------ TASK INPUT

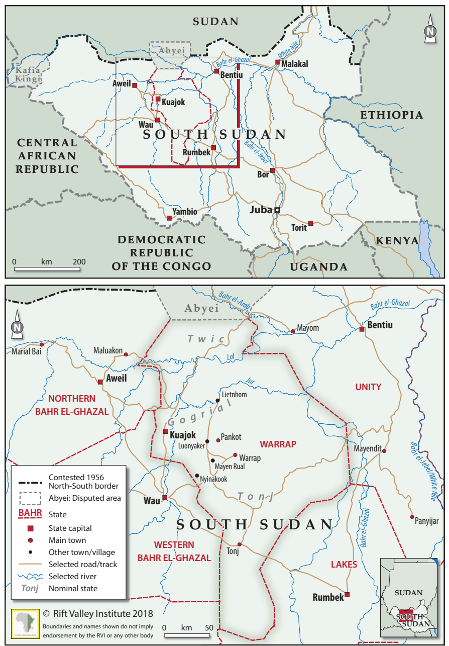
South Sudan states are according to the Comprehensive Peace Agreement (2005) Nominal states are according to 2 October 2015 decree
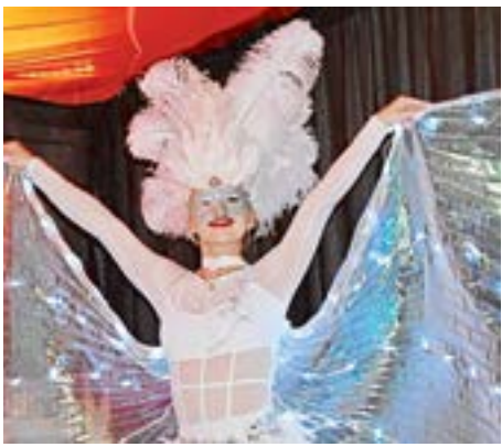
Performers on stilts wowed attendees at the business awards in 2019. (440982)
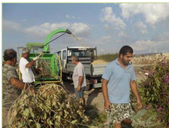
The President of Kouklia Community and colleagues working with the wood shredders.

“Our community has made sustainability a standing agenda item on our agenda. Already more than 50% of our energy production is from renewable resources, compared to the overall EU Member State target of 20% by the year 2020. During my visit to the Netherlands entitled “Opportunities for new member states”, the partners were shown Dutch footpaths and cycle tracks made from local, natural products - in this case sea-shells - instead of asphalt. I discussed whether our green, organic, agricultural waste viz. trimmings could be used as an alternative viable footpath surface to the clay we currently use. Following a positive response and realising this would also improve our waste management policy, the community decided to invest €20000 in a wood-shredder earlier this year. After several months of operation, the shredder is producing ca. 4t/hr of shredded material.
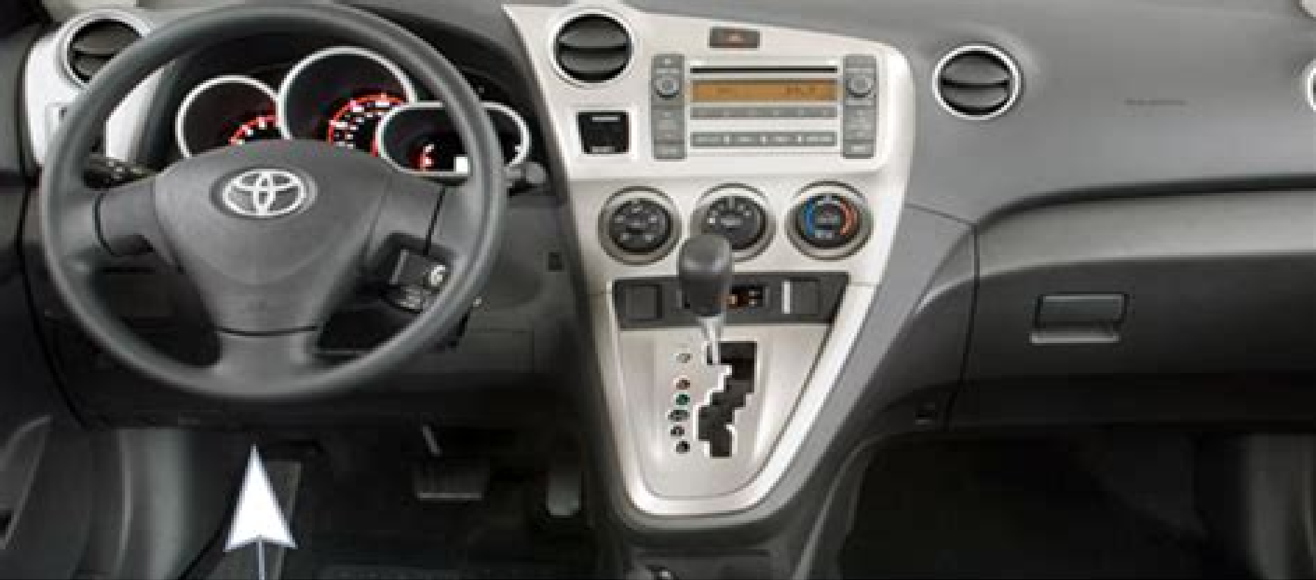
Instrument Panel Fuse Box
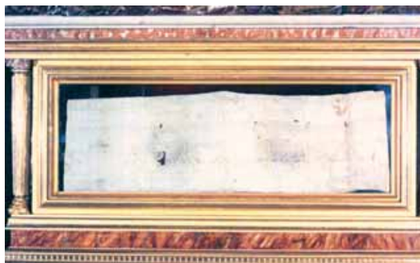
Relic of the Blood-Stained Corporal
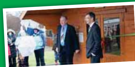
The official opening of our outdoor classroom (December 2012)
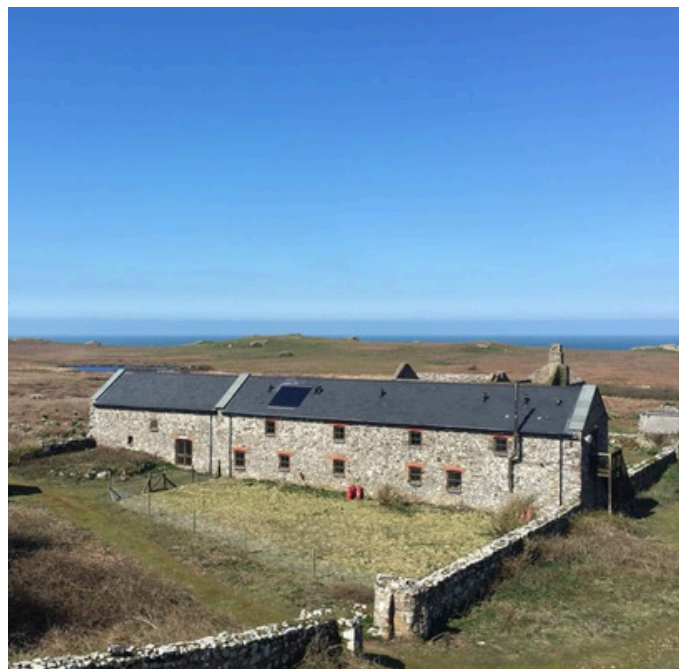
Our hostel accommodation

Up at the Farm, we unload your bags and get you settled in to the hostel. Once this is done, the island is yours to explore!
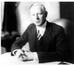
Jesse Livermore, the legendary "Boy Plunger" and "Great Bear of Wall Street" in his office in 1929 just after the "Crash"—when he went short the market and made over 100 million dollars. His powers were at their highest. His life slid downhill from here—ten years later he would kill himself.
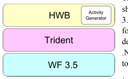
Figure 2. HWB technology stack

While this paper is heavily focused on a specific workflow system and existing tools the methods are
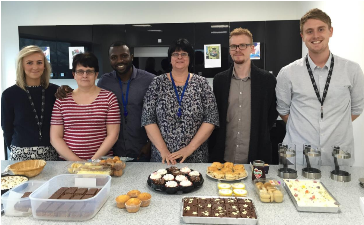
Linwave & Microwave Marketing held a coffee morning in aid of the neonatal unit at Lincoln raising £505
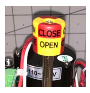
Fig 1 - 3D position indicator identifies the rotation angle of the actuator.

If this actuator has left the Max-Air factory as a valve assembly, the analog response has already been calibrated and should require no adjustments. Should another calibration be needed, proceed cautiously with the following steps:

------------

#### YOUR GOAL
From the records above, give again only the part that opens with the line containing "Our hostel accommodation" and closes with the line containing "Figure 2. HWB technology stack". Keep both ends but drop the pictures.

#### WRITTEN RESPONSE
Our hostel accommodation

Up at the Farm, we unload your bags and get you settled in to the hostel. Once this is done, the island is yours to explore!
Jesse Livermore, the legendary "Boy Plunger" and "Great Bear of Wall Street" in his office in 1929 just after the "Crash"—when he went short the market and made over 100 million dollars. His powers were at their highest. His life slid downhill from here—ten years later he would kill himself.
Figure 2. HWB technology stack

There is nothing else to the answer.